━━━━━ DATASET EXCERPT ━━━━━

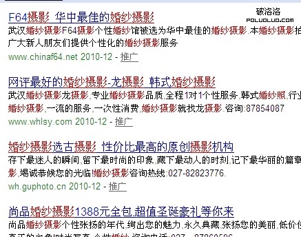 4.有效信息的展示度問題。這個問題是很多企業推廣都存在的問題。比如,搜索一些長尾關鍵詞,“武漢武昌區婚紗攝影哪個好?”這樣的詞,或者一些知識普及類的,會發現自己做的百度知道等百度產品,58分類信息等分類信息,或者是一些博客信息,排在自己網站的前面。本來說越多的信息對企業產品的推廣是沒什麼不好的,不過既然有能力把這些詞占據搜索引擎的大面積位置。如果排在前面的都是其他網站的內容,無形中就減少了客戶登錄企業網站的可能性。
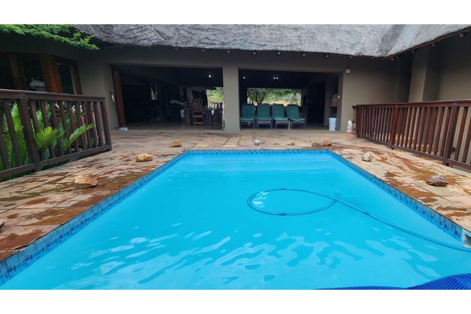 The main house`s bedrooms are elevated by outdoor showers, blending indulgence with the tranquility of nature. The open-plan lounge (with fireplace), dining room, and kitchen flow seamlessly onto a sprawling patio and a sparkling swimming pool, creating the ultimate hub for family gatherings and memorable celebrations. Separate TV room for sport fanatics. The lodge sleeps a total of 14 people.
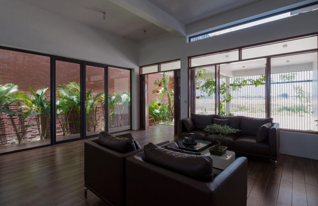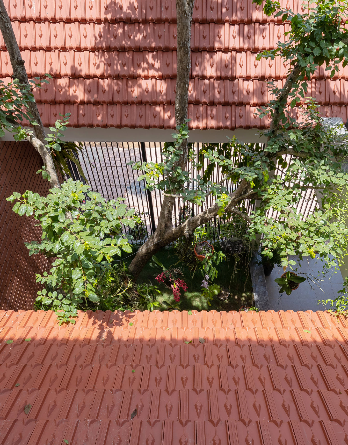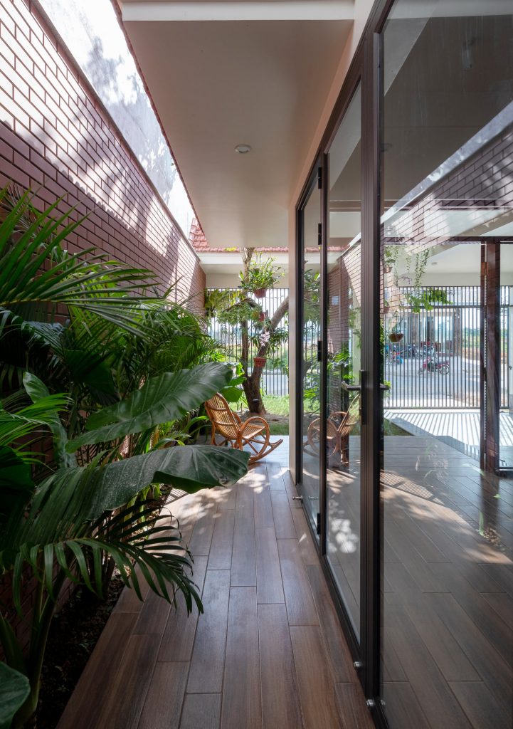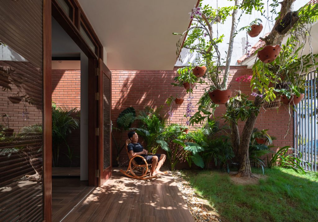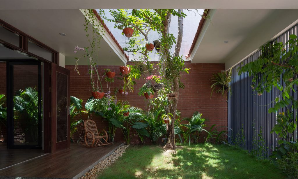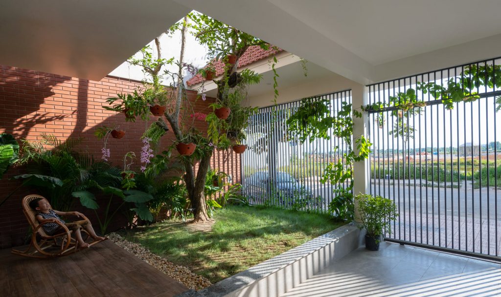 Một cây lớn phủ bóng được bố trí ở khoảng sân trước làm điểm nhấn chính tạo nên sự bình yên khi bước vào cổng nhà. Tại chốn này cả gia đình có thể dùng bữa cơm ngoài sân dưới bóng cây, hay những câu chuyện rôm rả với hàng xóm nhâm nhi bên ấm trà xanh.
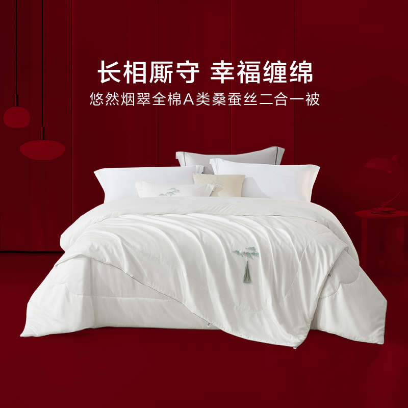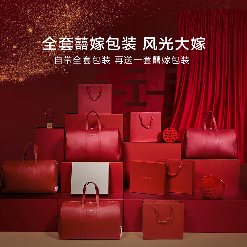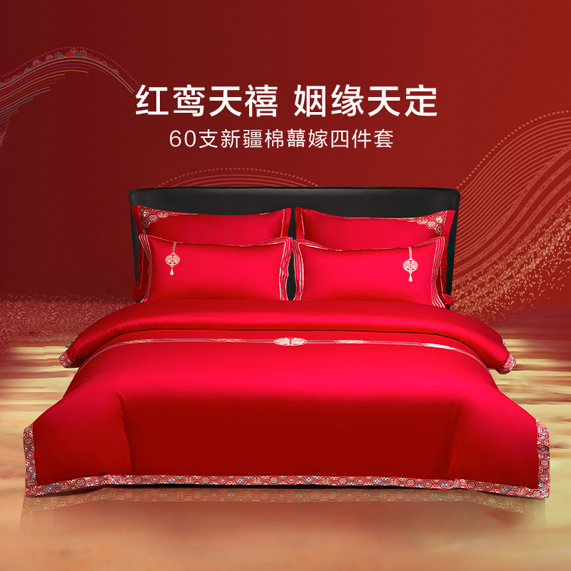 罗莱家纺结婚喜被陪嫁红色四件套蚕丝被鹅绒被婚庆床上用品套组

━━━━━

▶ _INSTRUCTIONS FOR THE TASK_
Exact repetition of each line above is expected; images are to be omitted.

▶ _WRITTEN ANSWER_
 4.有效信息的展示度問題。這個問題是很多企業推廣都存在的問題。比如,搜索一些長尾關鍵詞,“武漢武昌區婚紗攝影哪個好?”這樣的詞,或者一些知識普及類的,會發現自己做的百度知道等百度產品,58分類信息等分類信息,或者是一些博客信息,排在自己網站的前面。本來說越多的信息對企業產品的推廣是沒什麼不好的,不過既然有能力把這些詞占據搜索引擎的大面積位置。如果排在前面的都是其他網站的內容,無形中就減少了客戶登錄企業網站的可能性。
 The main house`s bedrooms are elevated by outdoor showers, blending indulgence with the tranquility of nature. The open-plan lounge (with fireplace), dining room, and kitchen flow seamlessly onto a sprawling patio and a sparkling swimming pool, creating the ultimate hub for family gatherings and memorable celebrations. Separate TV room for sport fanatics. The lodge sleeps a total of 14 people.
 Một cây lớn phủ bóng được bố trí ở khoảng sân trước làm điểm nhấn chính tạo nên sự bình yên khi bước vào cổng nhà. Tại chốn này cả gia đình có thể dùng bữa cơm ngoài sân dưới bóng cây, hay những câu chuyện rôm rả với hàng xóm nhâm nhi bên ấm trà xanh.
 罗莱家纺结婚喜被陪嫁红色四件套蚕丝被鹅绒被婚庆床上用品套组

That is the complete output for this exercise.